A cheating device is any device or method that is used to manipulate gameplay in a way other than permitted in a game's original programming. Examples of popular cheating devices used with Animal Crossing include the Action Replay line of devices produced by Datel and the GameShark line produced by MadCatz. There also exists a variety of ways to modify the data of an Animal Crossing save file through the use of specially designed computer programs such as the Animal Crossing Map Editor for Animal Crossing: Wild World and ACToolkit for Animal Crossing: City Folk.
- 1 Console devices
- 2 Action Replay codes
- 3 In-game effects
- 4 Game save editors
- 5 Gallery
- 6 References
Cheating devices that are inserted into a console are generally seated between the console and the game, allowing them to regulate interaction between the two. This often involves temporary or permanent changes to a game's code or save data. Alternatively, the device may simply load replacement save data into the game's memory rather than affecting gameplay directly.
The GameShark name was originally used to market products manufactured by Datel in the United States with the company InterAct serving as a local distributor. In 2003 InterAct was sold to MadCatz by parent company Recoton, which had fallen into bankruptcy. While MadCatz kept the GameShark name, Datel held onto the rights to release its proprietary line of cheating devices (aka Action Replay) in North America. This resulted in both companies producing cheating devices for the Nintendo 64 and Nintendo GameCube under different names.
Many versions of the GameShark exist for the Nintendo 64, with later releases offering enhanced features such as the ability to connect to a PC. These successive releases were also made necessary by Nintendo's consistent programming attempts designed to prevent the use of cheating devices. After InterAct's acquisition by MadCatz, Datel's products could no longer be sold under the GameShark name. This resulted in the release of Action Replay branded cheating devices by Datel which are otherwise identical to GameShark branded products.
While there are no known codes specific to Doubutsu no Mori, as neither the GameShark nor the Action Replay saw Japanese release, it is possible to create custom codes for the title using these devices. Additionally, such a cheating device can be used to circumvent the physical barrier, or region lock, that prevents one from playing Dōbutsu no Mori on a non-Japanese console.
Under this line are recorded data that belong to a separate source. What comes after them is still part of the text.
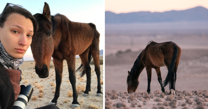 With the first morning light my fellow traveller Nina and I set out on the last day of our stay in “Aus” to look for the wild horses. Still during dawn we saw a stallion standing next to the road. He was on his own. If he was too weak to follow his herd or if he decided to search food alone was a question he did not answer. The first thing I realized was how thin he looked despite his winter coat. His pelvic bones and withers sticked up high from the rest of his body, his throat was barren. Our presence didn’t bother him, he focused on his search for food. The few tufts of grass on the ground were chewed down or dried up. At some point he decided to inspect us. This time my eyes caught his. They were sticky and kinda sad. And somewhere very deep down, I saw a small sparkle of wilderness hidden in them. Such as a small light which refused to be extinguished. His expression was questioning. But not as in „Who are you?“, like I’m used to from the wild horses I met in Bosnia. More like: „Do you have anything eatable?“
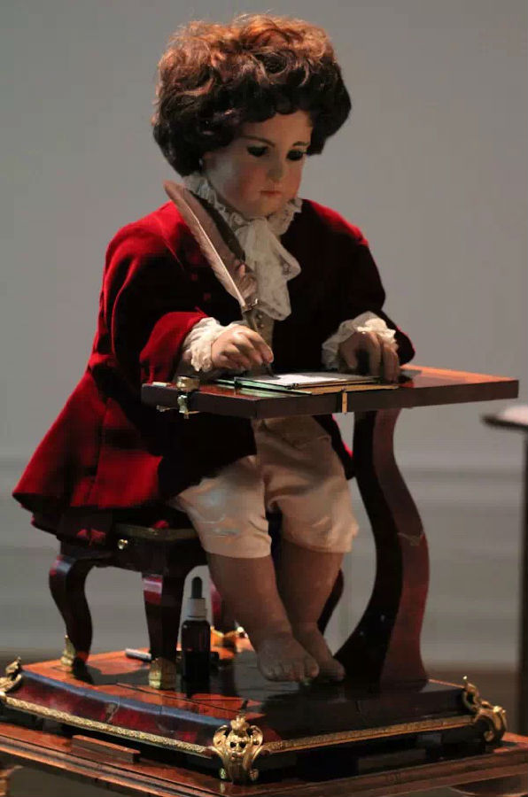这个会写字的机械人偶被认为是最早的计算机雏形。共计由六千多个部件组成,这个会写字的小男孩人偶用羽毛笔蘸真的墨水写字,而且他写字的内容还是可以“编程”的,不同的机械齿轮会使人偶的手臂做出不同的动作。
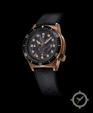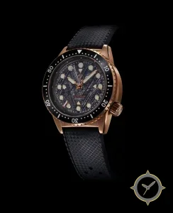 Eine Taucheruhr-Uhr mit einem markanten 49mm Auftritt am Handgelenk, gefertigt aus Bronze mit einem Zifferblatt in grau und einer besonderen "meteorite (Widmanstätten) texture"-Oberfläche.
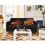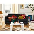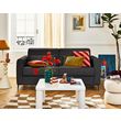 - Détail des matières : Assise : Mousse polyuréthane 25Kg/m3 - Dossier : Mousse polyuréthane 25Kg/m3 – Sangles élastiques – Structure en bois et panneaux de particules – Revêtement simili 100% polyester – Pieds en métal noir
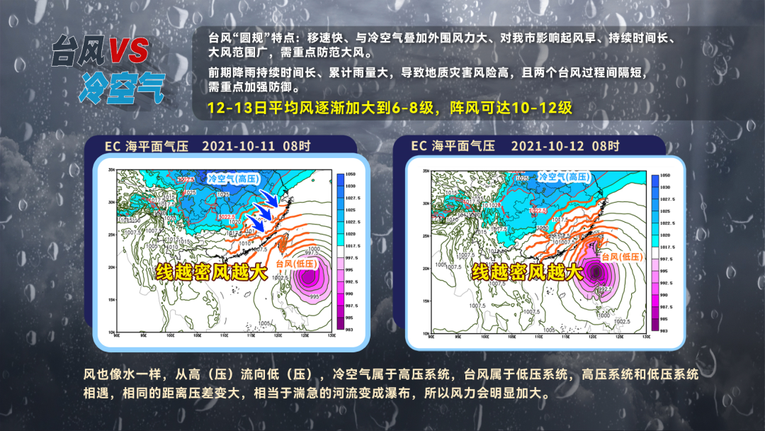 风也像水一样,从高(压)流向低(压),冷空气属于高压系统,台风属于低压系统,当高压系统与低压系统相遇,相同的距离压差变大,相当于湍急的河流变成瀑布,所以风力会明显加大。

Instead of inputting codes, the GameShark for the GameCube simply came loaded with game saves, more of which could be downloaded online. Due to its inability to actually manipulate programmed gameplay elements, it sold poorly compared to Datel's Action Replay device. As it is now a discontinued product and its official site no longer online, its compatibility with Animal Crossing cannot be confirmed. However, an archive of available game saves as of May 2010 does not list Animal Crossing as a supported title.
The main benefit offered by the Action Replay line of cheating devices is their ability to manipulate a game's code to produce novel gameplay experiences. Early devices even allowed users to generate their own codes; unfortunately this feature is not maintained in current versions.
Datel began shipping its Action Replay device for the GameCube to retailers on February 18, 2003. It was the first cheating device available for the system and would remain the sole device until GameShark's GameSave release about a year later. The Action Replay came pre-loaded with codes for Animal Crossing as noted in their late January press release.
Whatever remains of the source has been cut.